::: EXTRACTED MATERIAL
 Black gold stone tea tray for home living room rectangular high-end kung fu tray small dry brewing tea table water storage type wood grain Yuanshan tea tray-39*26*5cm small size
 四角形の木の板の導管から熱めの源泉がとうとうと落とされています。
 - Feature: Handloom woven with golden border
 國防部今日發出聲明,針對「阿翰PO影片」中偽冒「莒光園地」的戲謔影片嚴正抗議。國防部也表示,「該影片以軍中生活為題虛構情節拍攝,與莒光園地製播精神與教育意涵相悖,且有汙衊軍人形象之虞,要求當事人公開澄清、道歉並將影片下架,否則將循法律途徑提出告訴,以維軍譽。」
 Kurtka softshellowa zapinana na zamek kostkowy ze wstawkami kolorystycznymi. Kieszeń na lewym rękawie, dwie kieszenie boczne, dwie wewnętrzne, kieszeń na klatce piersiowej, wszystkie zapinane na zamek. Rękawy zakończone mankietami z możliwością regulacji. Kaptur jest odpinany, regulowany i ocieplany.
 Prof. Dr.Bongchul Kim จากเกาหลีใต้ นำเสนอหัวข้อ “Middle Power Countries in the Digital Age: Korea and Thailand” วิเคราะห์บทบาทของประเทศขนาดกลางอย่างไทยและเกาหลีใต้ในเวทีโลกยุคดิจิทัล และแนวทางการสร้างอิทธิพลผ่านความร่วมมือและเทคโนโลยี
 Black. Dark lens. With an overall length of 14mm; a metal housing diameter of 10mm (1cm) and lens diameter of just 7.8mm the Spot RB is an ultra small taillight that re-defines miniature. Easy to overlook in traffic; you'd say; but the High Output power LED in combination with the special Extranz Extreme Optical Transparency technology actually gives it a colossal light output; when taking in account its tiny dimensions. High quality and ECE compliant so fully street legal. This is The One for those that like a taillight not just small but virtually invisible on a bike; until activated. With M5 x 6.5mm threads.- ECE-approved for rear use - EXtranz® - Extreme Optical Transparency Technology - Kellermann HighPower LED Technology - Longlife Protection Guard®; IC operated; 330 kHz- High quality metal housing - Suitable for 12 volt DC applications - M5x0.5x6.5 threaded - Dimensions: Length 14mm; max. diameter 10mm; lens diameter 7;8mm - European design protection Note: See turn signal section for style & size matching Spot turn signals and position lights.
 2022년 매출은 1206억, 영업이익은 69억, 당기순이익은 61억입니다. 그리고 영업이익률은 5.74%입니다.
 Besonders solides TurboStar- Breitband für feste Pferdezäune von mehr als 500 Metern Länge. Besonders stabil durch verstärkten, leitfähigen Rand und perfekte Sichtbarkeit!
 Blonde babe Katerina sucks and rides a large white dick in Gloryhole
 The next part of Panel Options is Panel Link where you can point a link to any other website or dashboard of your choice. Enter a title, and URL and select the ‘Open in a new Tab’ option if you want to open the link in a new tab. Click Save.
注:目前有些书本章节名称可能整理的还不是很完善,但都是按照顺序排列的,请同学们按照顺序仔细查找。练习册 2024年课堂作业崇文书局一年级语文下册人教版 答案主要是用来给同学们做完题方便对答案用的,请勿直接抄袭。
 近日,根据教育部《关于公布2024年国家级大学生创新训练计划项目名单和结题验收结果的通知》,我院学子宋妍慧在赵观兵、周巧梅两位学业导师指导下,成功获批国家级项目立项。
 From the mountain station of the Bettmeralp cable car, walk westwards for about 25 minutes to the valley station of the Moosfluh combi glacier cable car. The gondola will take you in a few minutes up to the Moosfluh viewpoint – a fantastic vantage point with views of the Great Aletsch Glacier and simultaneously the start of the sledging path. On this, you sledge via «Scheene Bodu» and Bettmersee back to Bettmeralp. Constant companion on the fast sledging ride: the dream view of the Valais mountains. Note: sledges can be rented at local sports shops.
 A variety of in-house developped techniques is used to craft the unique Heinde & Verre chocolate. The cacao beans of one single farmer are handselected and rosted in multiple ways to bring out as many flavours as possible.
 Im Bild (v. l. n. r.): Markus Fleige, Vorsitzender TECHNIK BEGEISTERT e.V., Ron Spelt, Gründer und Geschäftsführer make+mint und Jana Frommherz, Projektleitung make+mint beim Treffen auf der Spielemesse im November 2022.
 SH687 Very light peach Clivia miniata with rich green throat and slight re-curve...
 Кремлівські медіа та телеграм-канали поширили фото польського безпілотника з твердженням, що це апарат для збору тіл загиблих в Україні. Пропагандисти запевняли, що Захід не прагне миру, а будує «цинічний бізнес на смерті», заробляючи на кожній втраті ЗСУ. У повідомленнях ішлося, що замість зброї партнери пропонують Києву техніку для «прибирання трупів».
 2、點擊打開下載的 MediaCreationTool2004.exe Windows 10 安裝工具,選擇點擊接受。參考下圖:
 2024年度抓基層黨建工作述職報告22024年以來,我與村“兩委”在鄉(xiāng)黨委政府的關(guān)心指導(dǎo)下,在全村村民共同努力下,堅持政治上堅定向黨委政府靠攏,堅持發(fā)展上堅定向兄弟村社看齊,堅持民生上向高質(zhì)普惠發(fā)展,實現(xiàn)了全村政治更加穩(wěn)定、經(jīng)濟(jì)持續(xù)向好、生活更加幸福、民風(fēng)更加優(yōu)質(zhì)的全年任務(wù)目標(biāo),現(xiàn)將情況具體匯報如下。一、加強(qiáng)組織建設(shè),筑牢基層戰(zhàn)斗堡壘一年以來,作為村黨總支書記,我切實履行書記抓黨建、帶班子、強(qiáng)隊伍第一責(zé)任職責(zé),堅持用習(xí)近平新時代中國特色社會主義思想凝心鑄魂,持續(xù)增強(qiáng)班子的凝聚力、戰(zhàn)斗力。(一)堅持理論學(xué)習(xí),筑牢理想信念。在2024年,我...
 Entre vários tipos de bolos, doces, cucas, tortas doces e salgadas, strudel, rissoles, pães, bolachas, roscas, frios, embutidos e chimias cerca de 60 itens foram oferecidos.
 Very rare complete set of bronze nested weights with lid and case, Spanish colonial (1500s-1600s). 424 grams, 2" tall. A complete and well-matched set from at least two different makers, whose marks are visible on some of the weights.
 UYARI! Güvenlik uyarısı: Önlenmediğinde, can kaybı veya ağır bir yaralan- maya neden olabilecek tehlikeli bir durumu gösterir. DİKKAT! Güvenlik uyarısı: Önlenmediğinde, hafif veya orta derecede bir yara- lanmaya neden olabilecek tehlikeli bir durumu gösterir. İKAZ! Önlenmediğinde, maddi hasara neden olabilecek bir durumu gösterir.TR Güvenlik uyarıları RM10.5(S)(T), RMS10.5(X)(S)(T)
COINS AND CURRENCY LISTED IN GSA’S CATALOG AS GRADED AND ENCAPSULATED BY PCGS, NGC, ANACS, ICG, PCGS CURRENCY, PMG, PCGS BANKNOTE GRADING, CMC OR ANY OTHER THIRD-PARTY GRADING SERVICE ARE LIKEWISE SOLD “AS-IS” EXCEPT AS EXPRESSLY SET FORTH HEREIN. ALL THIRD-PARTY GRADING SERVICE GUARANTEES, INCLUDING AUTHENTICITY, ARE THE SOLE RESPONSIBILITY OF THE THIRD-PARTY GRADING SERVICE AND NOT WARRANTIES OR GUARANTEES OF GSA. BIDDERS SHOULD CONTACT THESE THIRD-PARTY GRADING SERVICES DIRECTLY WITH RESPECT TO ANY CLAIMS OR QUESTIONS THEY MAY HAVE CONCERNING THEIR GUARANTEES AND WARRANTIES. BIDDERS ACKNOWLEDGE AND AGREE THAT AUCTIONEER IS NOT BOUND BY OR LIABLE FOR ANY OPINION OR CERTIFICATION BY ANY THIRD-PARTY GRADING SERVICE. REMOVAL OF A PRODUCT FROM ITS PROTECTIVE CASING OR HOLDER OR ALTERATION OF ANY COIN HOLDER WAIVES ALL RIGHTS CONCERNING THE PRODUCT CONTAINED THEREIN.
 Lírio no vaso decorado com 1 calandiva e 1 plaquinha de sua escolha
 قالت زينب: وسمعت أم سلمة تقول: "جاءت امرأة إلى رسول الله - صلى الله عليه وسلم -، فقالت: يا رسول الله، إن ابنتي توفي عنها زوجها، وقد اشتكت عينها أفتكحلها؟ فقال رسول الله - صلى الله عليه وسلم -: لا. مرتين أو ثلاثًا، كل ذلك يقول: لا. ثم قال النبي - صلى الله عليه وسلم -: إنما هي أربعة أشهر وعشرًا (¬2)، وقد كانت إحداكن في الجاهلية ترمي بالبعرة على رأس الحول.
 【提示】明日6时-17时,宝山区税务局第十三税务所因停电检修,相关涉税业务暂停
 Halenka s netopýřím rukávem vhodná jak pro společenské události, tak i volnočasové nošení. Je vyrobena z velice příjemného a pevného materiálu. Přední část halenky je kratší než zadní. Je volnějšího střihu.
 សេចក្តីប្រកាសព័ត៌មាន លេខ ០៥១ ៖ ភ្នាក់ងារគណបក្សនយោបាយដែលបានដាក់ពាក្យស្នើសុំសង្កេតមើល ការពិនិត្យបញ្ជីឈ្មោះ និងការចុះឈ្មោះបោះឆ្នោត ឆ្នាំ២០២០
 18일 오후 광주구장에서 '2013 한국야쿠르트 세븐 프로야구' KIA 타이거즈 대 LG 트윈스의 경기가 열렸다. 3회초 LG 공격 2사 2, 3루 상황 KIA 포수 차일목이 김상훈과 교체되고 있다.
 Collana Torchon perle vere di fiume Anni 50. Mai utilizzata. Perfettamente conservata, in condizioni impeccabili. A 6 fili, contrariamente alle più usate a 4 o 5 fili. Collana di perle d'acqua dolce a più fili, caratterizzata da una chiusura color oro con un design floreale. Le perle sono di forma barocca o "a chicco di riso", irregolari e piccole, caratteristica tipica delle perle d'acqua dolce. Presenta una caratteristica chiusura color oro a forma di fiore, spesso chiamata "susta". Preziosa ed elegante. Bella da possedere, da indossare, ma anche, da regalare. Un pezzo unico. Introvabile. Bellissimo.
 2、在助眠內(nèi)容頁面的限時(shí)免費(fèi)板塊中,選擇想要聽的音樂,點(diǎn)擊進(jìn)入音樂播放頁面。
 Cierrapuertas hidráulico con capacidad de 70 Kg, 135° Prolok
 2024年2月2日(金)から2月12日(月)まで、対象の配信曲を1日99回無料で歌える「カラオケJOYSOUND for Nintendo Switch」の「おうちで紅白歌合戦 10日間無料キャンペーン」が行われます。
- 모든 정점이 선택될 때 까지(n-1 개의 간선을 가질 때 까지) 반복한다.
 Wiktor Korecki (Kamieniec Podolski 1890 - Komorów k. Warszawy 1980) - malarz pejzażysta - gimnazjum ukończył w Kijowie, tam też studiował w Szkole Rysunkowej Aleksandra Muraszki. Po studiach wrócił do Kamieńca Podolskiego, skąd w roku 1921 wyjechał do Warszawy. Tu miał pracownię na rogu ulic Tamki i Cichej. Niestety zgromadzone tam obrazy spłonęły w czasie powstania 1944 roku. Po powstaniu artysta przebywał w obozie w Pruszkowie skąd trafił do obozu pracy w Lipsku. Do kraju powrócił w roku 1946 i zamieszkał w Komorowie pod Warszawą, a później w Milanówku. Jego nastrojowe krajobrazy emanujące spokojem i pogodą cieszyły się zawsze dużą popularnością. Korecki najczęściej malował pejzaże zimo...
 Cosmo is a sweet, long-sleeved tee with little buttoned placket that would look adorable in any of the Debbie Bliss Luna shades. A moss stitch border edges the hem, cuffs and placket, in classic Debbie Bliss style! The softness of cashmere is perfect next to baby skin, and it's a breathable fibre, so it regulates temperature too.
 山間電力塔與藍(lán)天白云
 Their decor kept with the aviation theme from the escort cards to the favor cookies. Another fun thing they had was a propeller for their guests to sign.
::::::
### PROBLEM DESCRIPTION
The result should be every line of the material that contains the word "border", so copy those lines.

### ANSWER SPACE
 - Feature: Handloom woven with golden border
 Cosmo is a sweet, long-sleeved tee with little buttoned placket that would look adorable in any of the Debbie Bliss Luna shades. A moss stitch border edges the hem, cuffs and placket, in classic Debbie Bliss style! The softness of cashmere is perfect next to baby skin, and it's a breathable fibre, so it regulates temperature too.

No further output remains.